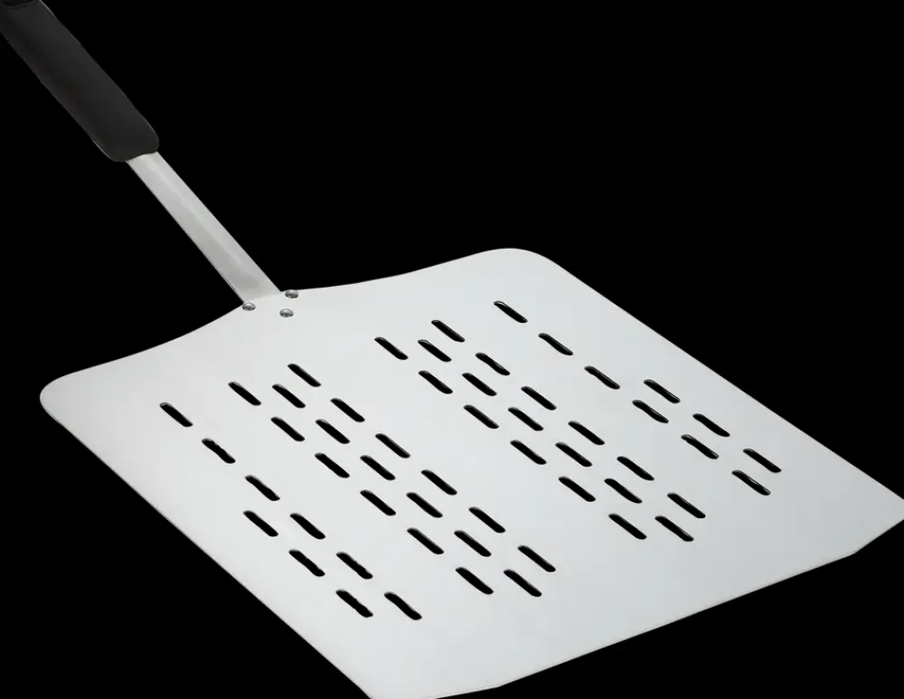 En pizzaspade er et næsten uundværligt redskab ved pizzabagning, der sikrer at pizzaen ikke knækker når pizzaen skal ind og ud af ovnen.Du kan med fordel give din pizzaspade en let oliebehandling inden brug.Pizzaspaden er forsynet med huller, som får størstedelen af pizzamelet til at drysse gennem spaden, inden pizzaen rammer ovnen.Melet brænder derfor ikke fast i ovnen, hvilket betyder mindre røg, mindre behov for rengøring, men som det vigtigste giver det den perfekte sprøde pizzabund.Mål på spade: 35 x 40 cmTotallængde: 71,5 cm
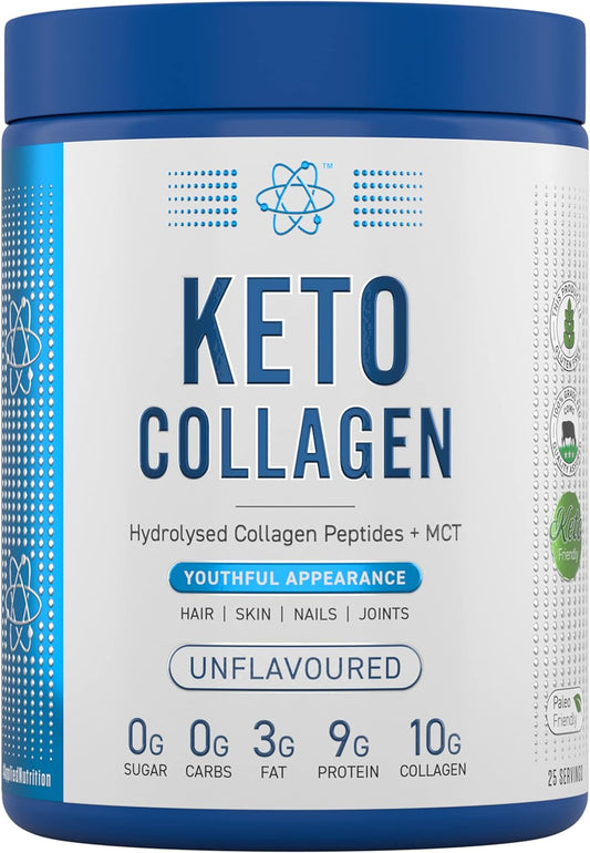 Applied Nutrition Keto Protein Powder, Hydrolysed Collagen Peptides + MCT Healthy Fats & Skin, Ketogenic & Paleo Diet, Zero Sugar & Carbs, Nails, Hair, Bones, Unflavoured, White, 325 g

==

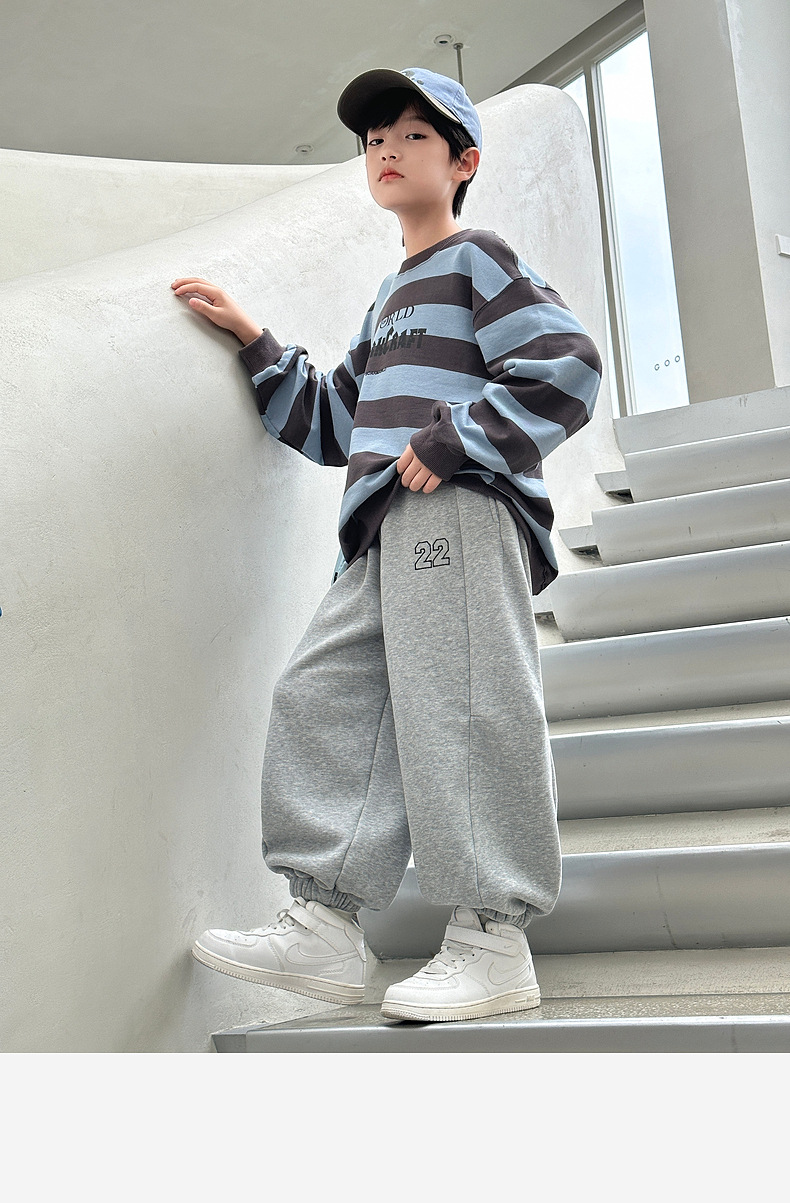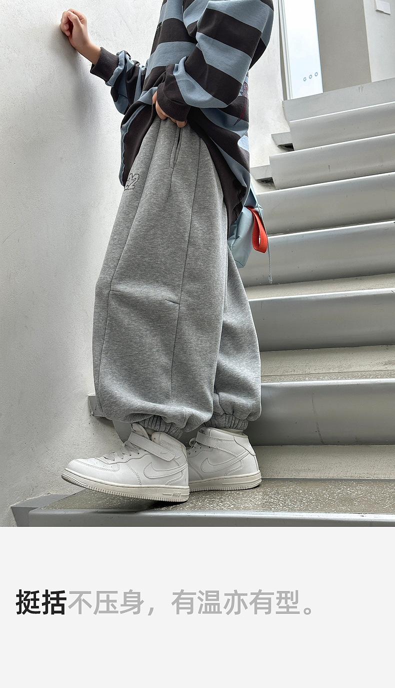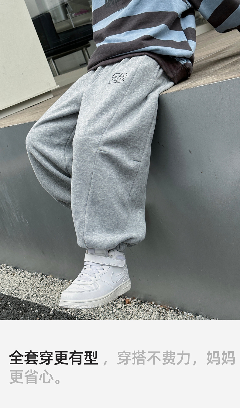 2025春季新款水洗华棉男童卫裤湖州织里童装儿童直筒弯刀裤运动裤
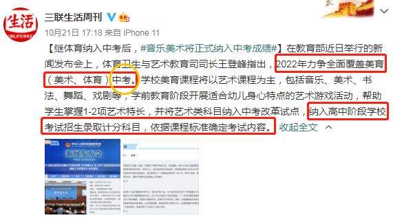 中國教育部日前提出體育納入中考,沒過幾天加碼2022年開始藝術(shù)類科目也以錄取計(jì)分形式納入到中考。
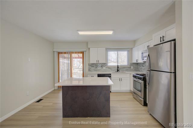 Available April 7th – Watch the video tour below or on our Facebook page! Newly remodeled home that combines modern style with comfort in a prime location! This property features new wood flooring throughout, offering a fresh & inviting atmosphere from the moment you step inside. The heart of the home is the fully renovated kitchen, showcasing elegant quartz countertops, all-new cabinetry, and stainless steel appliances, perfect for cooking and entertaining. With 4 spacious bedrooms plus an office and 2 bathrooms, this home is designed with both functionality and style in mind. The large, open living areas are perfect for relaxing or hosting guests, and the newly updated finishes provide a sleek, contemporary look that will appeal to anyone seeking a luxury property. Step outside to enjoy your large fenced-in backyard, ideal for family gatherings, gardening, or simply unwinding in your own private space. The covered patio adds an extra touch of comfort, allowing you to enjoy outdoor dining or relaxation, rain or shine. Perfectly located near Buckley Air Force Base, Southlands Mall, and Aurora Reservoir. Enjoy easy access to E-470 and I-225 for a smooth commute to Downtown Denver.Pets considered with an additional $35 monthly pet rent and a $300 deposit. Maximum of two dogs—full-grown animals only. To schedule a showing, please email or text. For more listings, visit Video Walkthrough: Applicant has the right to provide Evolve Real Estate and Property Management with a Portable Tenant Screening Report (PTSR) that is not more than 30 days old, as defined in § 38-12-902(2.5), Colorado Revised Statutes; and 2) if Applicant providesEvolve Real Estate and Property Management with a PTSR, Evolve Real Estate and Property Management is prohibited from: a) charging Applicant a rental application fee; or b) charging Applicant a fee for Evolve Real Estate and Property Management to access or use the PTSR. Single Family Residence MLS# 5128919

---

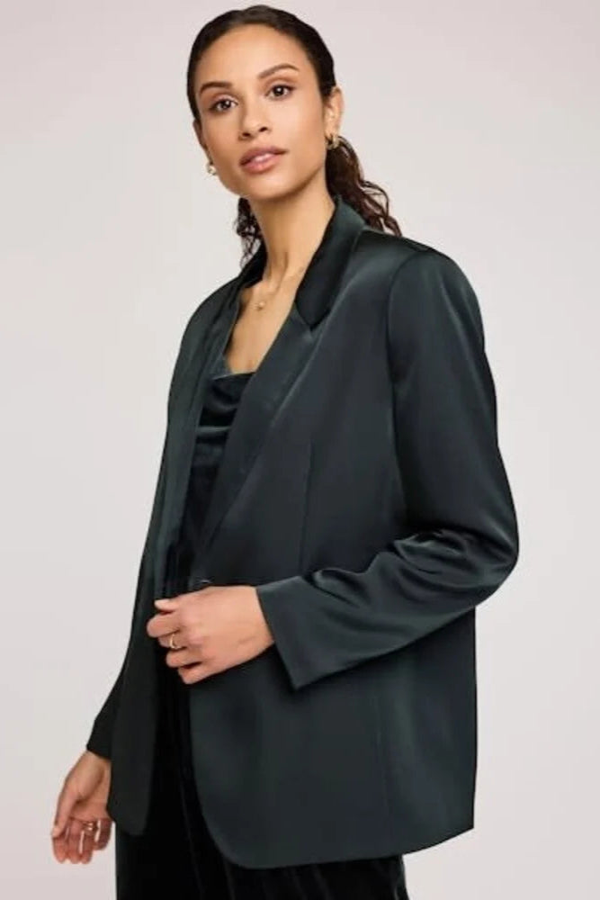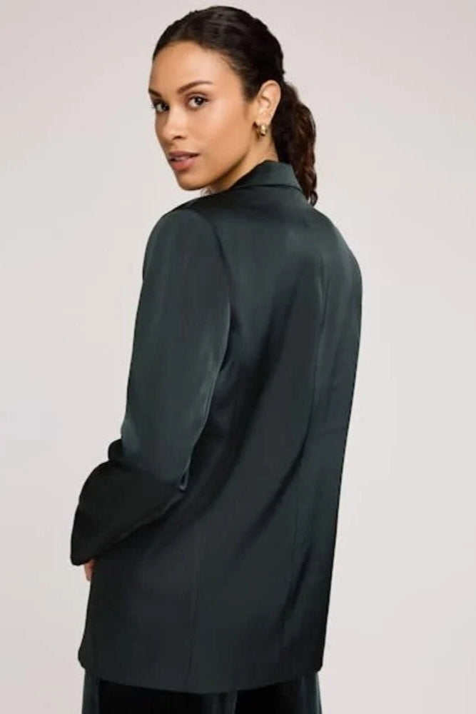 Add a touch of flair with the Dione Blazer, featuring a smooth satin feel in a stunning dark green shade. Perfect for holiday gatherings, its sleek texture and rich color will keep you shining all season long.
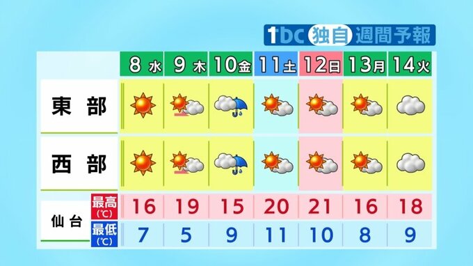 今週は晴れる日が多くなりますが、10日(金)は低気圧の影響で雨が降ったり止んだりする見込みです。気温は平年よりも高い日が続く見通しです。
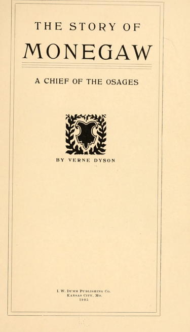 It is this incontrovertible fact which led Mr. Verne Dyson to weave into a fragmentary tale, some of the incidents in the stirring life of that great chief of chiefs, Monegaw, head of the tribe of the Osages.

• WHAT THE TASK REQUIRES: When you reach the line that has "Add a touch" in the data above, start repeating lines exactly, and stop after the line that has "It is this incontrovertible"; pictures stay out.

• ANSWER AREA:
 Add a touch of flair with the Dione Blazer, featuring a smooth satin feel in a stunning dark green shade. Perfect for holiday gatherings, its sleek texture and rich color will keep you shining all season long.
 今週は晴れる日が多くなりますが、10日(金)は低気圧の影響で雨が降ったり止んだりする見込みです。気温は平年よりも高い日が続く見通しです。
 It is this incontrovertible fact which led Mr. Verne Dyson to weave into a fragmentary tale, some of the incidents in the stirring life of that great chief of chiefs, Monegaw, head of the tribe of the Osages.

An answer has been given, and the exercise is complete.